— Алло!
— Дхо свхидханхия! — на сей раз трубку повесил он.
До репетиции Таня не позвонила, может, не успела еще встретиться с теми людьми и отдать им черный мешок. Ималде было обидно — могла бы хоть сообщить, как добралась до дома.
Рейнальди проводил репетицию раздраженно, сердито ругался по-французски и итальянски, чтобы никто не понял, и беспощадно гонял танцовщиц, хотя повода для этого не было.
Закончив репетицию, он собрал коллектив и сообщил об ожидаемых переменах. Конкретно Рейнальди не высказывался, но сложилось впечатление, что эти самые перемены ему навязали в тресте и поэтому у него такое скверное настроение.
Он заявил, что посетители недовольны программой в «Беатрисе» и справедливо недовольны: платят по четыре рубля за почти часовое представление, где скачут на костылях калеки! Как на костылях? Я, сказал, говорю образно. Репертуар «Беатрисы» нуждается в художественной инъекции — это опять образно говоря — посему с понедельника Ималда переходит работать туда. Перемены, конечно, скажутся на репертуаре «Ореанды», и чтобы это предотвратить, в «Ореанду» перейдет Мингавская — она уже дала согласие, — а в «Вершине» будет работать акробатическая пара из «Ореанды». Таким образом, как говорится, будут и волки сыты и овцы целы! До свидания! С глубоким уважением, ваш Рейнальди.

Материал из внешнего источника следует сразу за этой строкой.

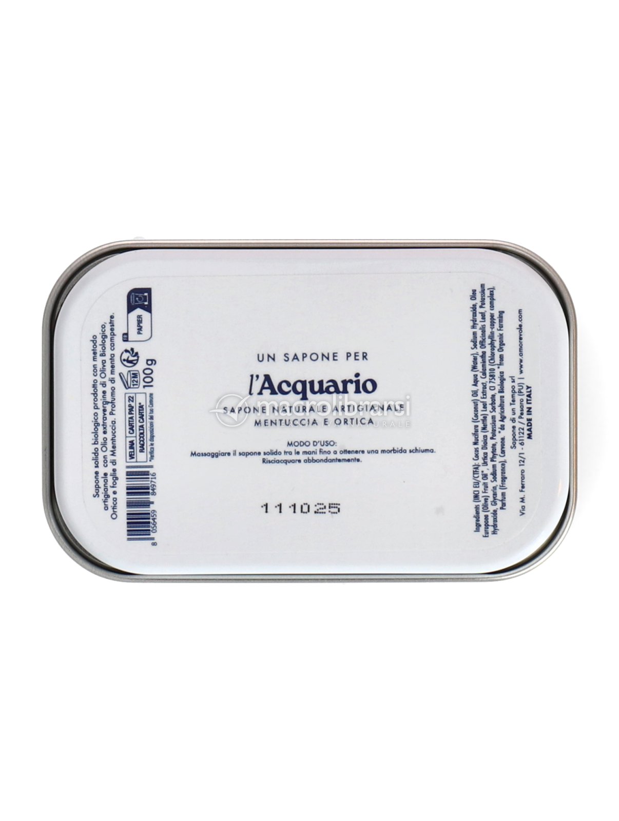 | Formato | Sapone biologico 100 g in scatola di latta (9,5 x 6 x 3 cm) |
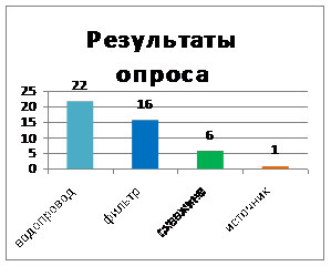 Практическое значение. В работе представлены результаты опытов по оценке качества питьевой воды. Все учащиеся и их родители, преподаватели лицея, участвующие в опросе по потреблению воды и использованию фильтров, были ознакомлены с нашими исследованиями. Работа способствует формированию экологической культуры.
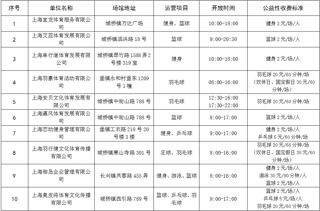 2021年,本市发布《上海市全民健身实施计划(2021—2025)》,要求支持经营性体育场所公益性开放。近年来,崇明体育部门积极组织开展本区经营性体育场所公益性开放认定工作,截至目前,全区已经有10家社会体育场馆(详细名单见文末)进行公益性开放。
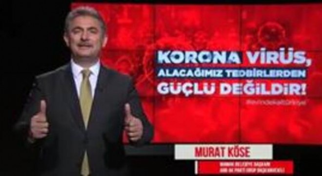 Ankara’daki AK Partili ilçe belediye başkanlarının yer aldığı klipte “Evinde kal” mesajı verildi. Sosyal medyada yayımlanan Klip, Ankara Büyükşehir Belediye (ABB) Meclisi AK Parti Grup Başkanvekili Mamak Belediye Başkanı Murat Köse’nin “Dünyayı etkisi altına alan koronavirüs covid-19’a karşı birlikte mücadele etmeliyiz. Evinde kal Mamak” konuşmasıyla başlıyor.
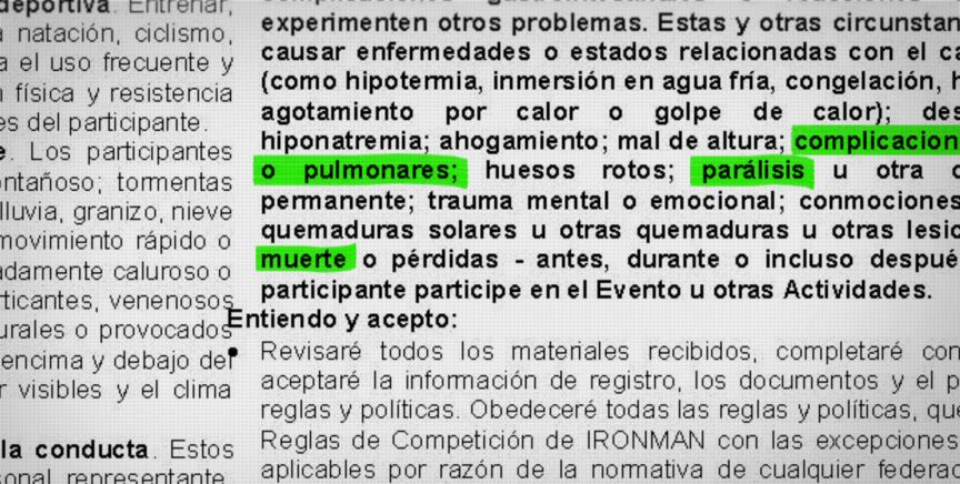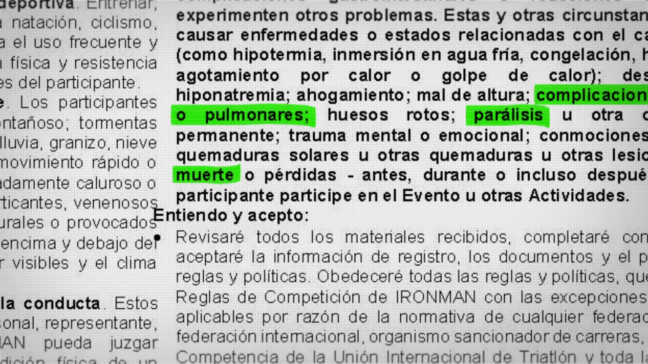 En el contrato que firman el participante asume que puede sufrir complicaciones cardíacas o pulmonares, parálisis cerebral e incluso la muerte. Además, si necesita atención médica, acepta correr con los gastos. Por último, renuncia a demandar a Ironman.
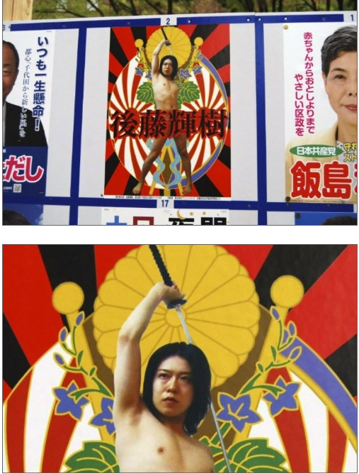 Los carteles de Goto, en los que se le ve sin ropa y blandiendo una katana con el blasón de la casa imperial japonesa de fondo y su nombre en caracteres japoneses cubriendo su zona genital, se convirtieron en una de las imágenes más compartidas en redes sociales desde que arrancó la campaña esta semana.
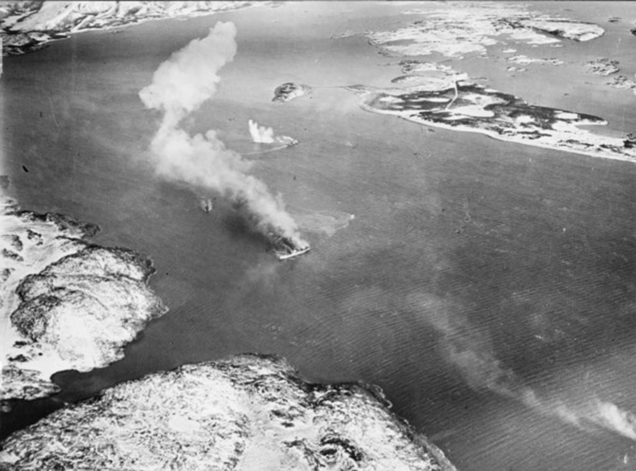 Люди заживо сгорали в огне или тонули в холодной воде. «Море и воздух были ледяными. Британцы продолжали стрелять как по тем, кто находился в воде, так и по тем, кто был на спасательных плотах», — говорил Шульц. Сам норвежец смог на таком плоту добраться до находившегося в нескольких сотнях метров пустынного острова Русейя. При этом его компаньонами в этом недолгом путешествии были немецкий солдат и советский военнопленный. По прибытии на место каждый из них пошел своей дорогой.
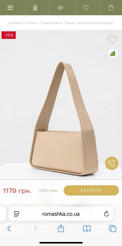 Сумка багет «Наоми» универсальная бежевая от украинского бренда Romashka. Удобная, подходит под все образы - базовая сумка в гардеробе Состояние отличное, нюанс на последнем фото
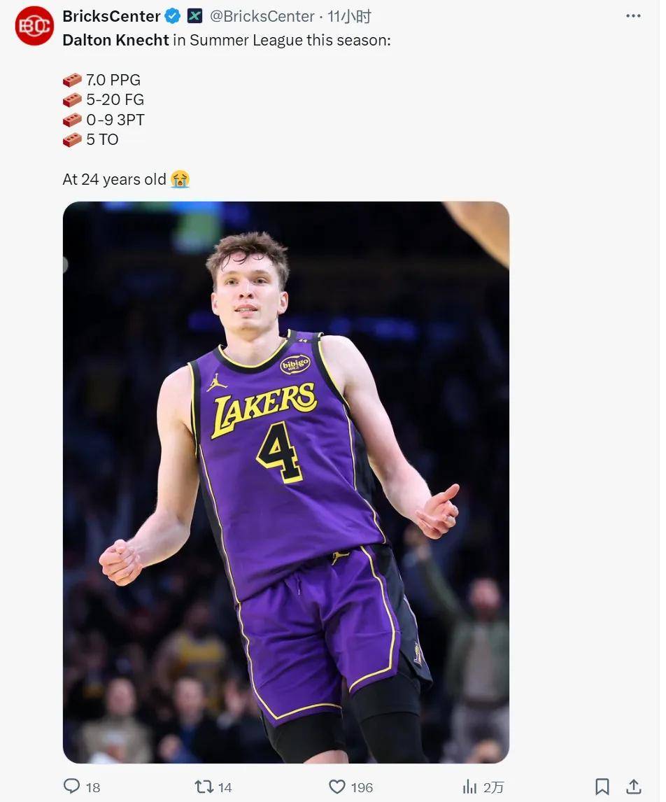 湖城夏季联赛和加州经典赛激战正酣,湖人已经打了两场比赛:首战84-89不敌勇士;次战103-83大胜热火。湖人今年的36号秀阿杜-蒂耶罗因伤缺席,去年17号秀克内克特成为夏联核心。但克内克特的表现,让湖人球迷极其失望。
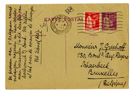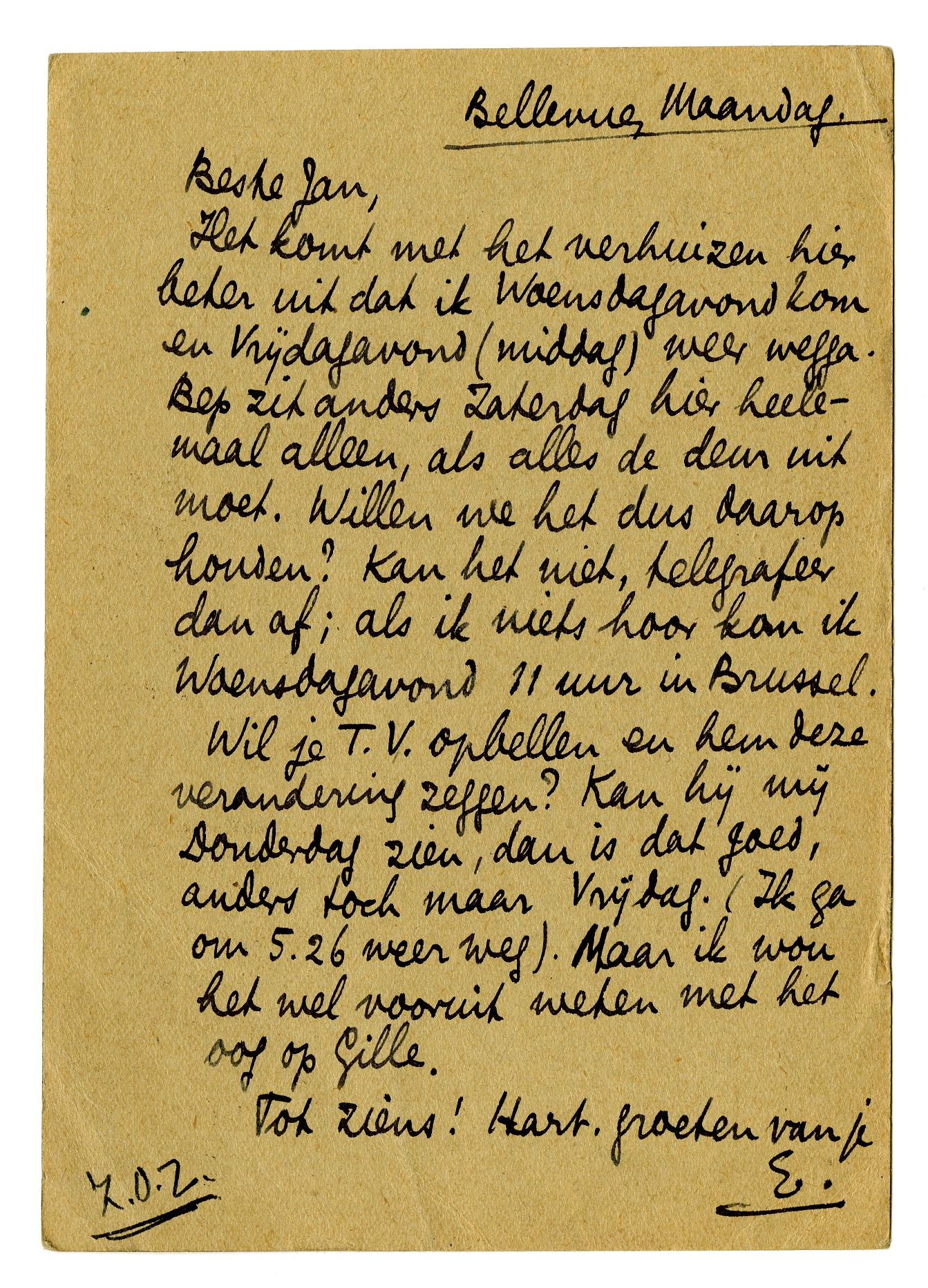 Het komt met het verhuizen hier beter uit dat ik Woensdagavond kom en Vrijdagavond(middag) weer wegga. Bep zit anders Zaterdag hier heelemaal alleen, als alles de deur uit moet. Willen we het dus daarop houden? Kan het niet, telegrafeer dan af; als ik niets hoor kom ik Woensdagavond 11 uur in Brussel.
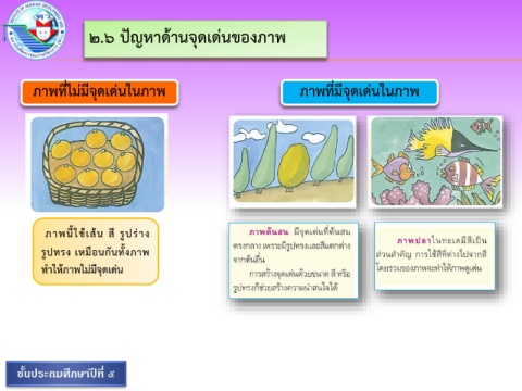 ๒.๖ ปัญหาด้านจุดเด่นของภาพ ภาพที่ไม่มีจุดเด่นในภาพ ภาพที่มีจุดเด่นในภาพ ภาพนี้ใช้เส้น สี รูปร่าง รูปทรง เหมือนกันทั้งภาพ ท าให้ภาพไม่มีจุดเด่น
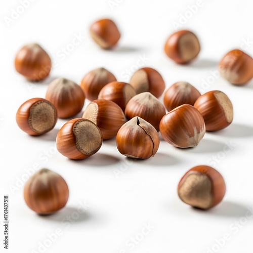 Pile of Hazelnuts on White Background - Close-Up of Fresh Nuts.
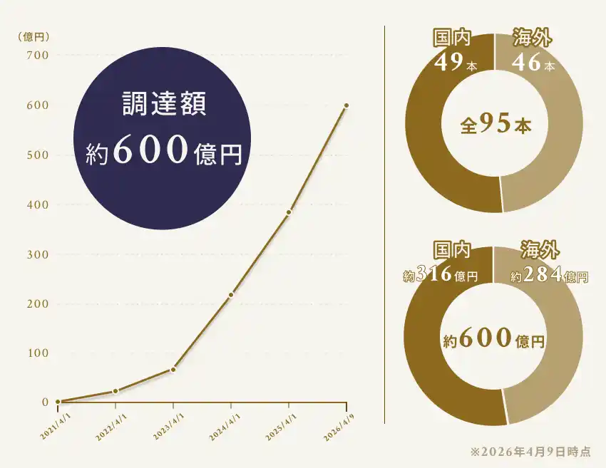 リリースから1年で累計調達額25億円、2年で80億円、5年で500億円を突破し、今回の95号ファンドをもって累計600億円を超えるに至りました。 |
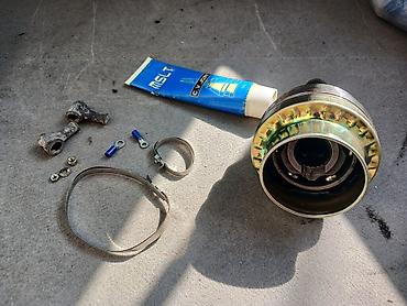 "Renault Clio" markalı minik avtomobilinin Qranatlar ehtiyat hissələri. Soldakı və ortadakı hissələr → tam yığılmış ötürücü şruslu vallardır (daxili + xarici qranatla). Sağdakı hissə → yarım ötürüc...

Ималда боялась даже случайной встречи с Раусой — так избегают превосходящего в силе противника, когда чувствуют внутреннюю готовность сдаться без серьезной борьбы. Рауса имел над ней какую-то особенную власть, впрочем, как и над другими работниками «Ореанды», может, даже большую. Его превосходство проявлялось во всем — в поведении, в разговоре, в манере одеваться, в решениях и поступках. Ему никогда не возражали, все чувствовали свою зависимость от него. Ималду пугала мысль, что если при встрече Рауса прикажет ей сесть в машину, она тут же послушается, хотя не хочет этого, хотя ей противно.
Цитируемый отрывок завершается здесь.